Prompt Fiction


“Mama, Mama!” Lindsey burst through the front door, skidding to a stop a few inches away from her mother’s workbench.

The rows of factory workers barely registered the interruption in their daily duties. Save for the woman in question, who merely perked a brow at her excited daughter.

“What is it now? A sale on rations at the-“

“Give me your money, quick!”

The mother frowned, then glanced at her work. She fed it through the machine in front of her and began to thread up the next piece of fabric in line.


“I can’t stop, you know that,” her mother grumbled. “What do you need it for and how much?”

“All of it and now,” Lindsey said, hopping from one foot to the other. Her ankles were visible and red, above her slippered feet and in spite of the woven bandages laced around them.

Tiny, crumpled white wings could be seen poking out from the skin’s surface. They were plastered to her swollen ankles, but didn’t seem to affect her renewed hyperactivity.


“Lindsey.” Came the sighed response. “Use words. What did I tell you about using words and trying to make a point? Not everyone is on the same frequency as you are and when you endeavour to skip the necessary building blocks of common communication you-“

“They’re changing currency again at the hour. Give me your money so I can change it before the lines get too long!” Lindsey blurted out, then groaned and clapped a hand over her mouth as that line garnered the attention of every single worker in the factory.

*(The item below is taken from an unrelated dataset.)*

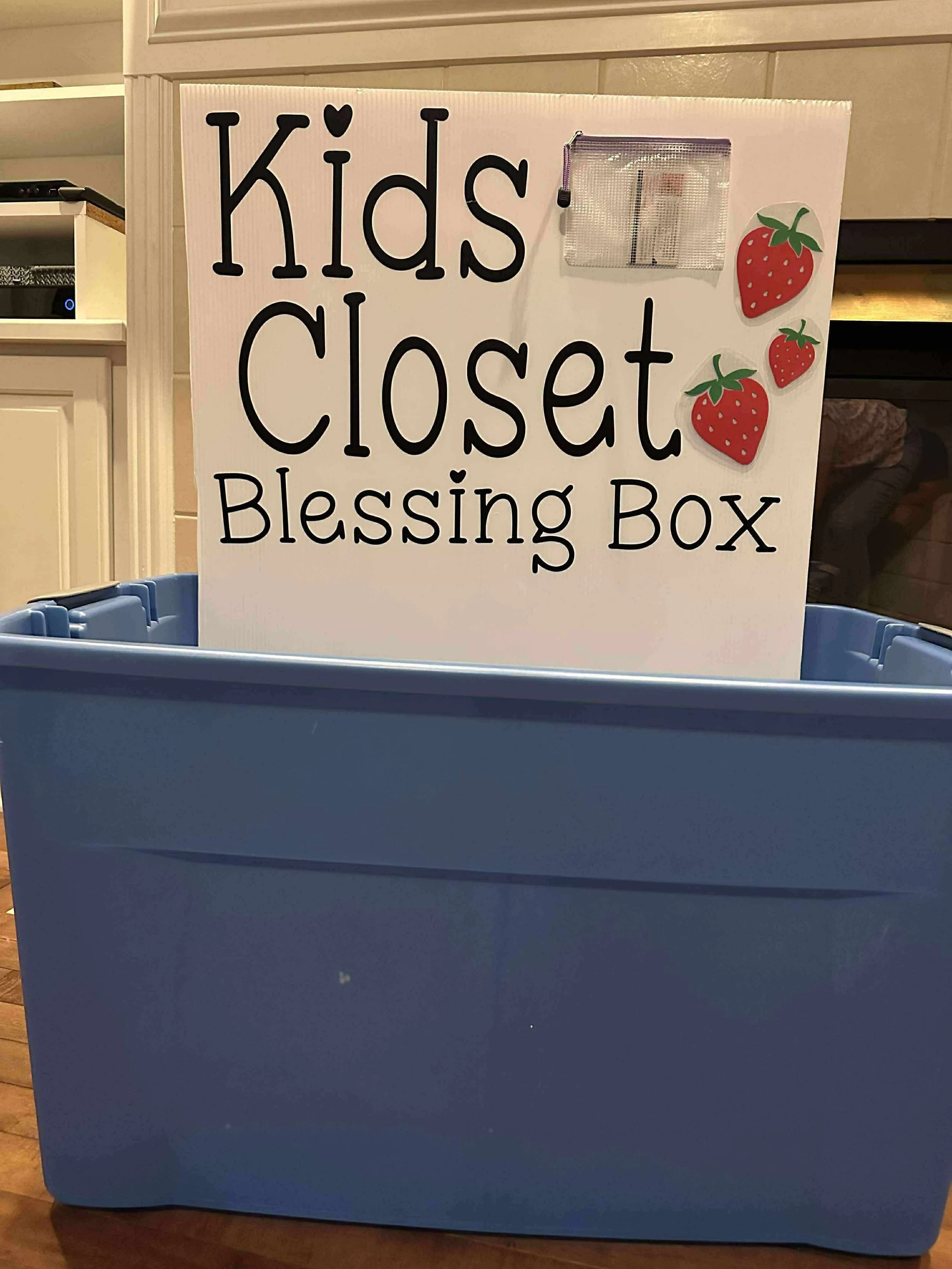 The traveling Blessing Box was created by Lisa Tyler. It goes around to area festivals and community activities. Everything inside is free to whomever needs it. Lisa and our board member Rita Rothenberger came up with the strawberries on the board. (for the Strawberry Festival) Such a cute idea! Rita also does TONS of laundry for us! It’s a group effort!

Machines were abandoned as everyone fumbled for their own stores of private cash—along with anything tradable.

“Lindsey,” her mother clucked, softly. “Indoor voice?” She frowned at her fellow workers now preparing for a stampede to the nearest currency changer. “Go to the one at the end of Marchen, do you hear?”

Lindsey bobbed her head in answer, a slight shiver rippling over her. “Mama-I can’t stay still.”

“Here, take it over. You know, don’t you?” her mother slipped out from her seat, allowing Lindsey to slip in. She wiped her dusty hands on the front of her work apron, before attempting to unlock the little case that held their current life savings.

It had become habit to carry all currency on their person since the new reigning Emperor had come into his inheritance. Now, she fished out all everything and knotted it into a little square fabric.

She waited a half-second while Lindsey expertly threaded the next fabric square into the whirring machine, then deftly exchanged places with her.

Lindsey tucked the fabric square inside of her shirt. She cracked her neck as the little white wings along her ankles began to feebly flap in response.

“Love you,” she mumbled, kissing her mother’s head, before streaking out of the factory door—well ahead of the hoarde of workers streaming out after her.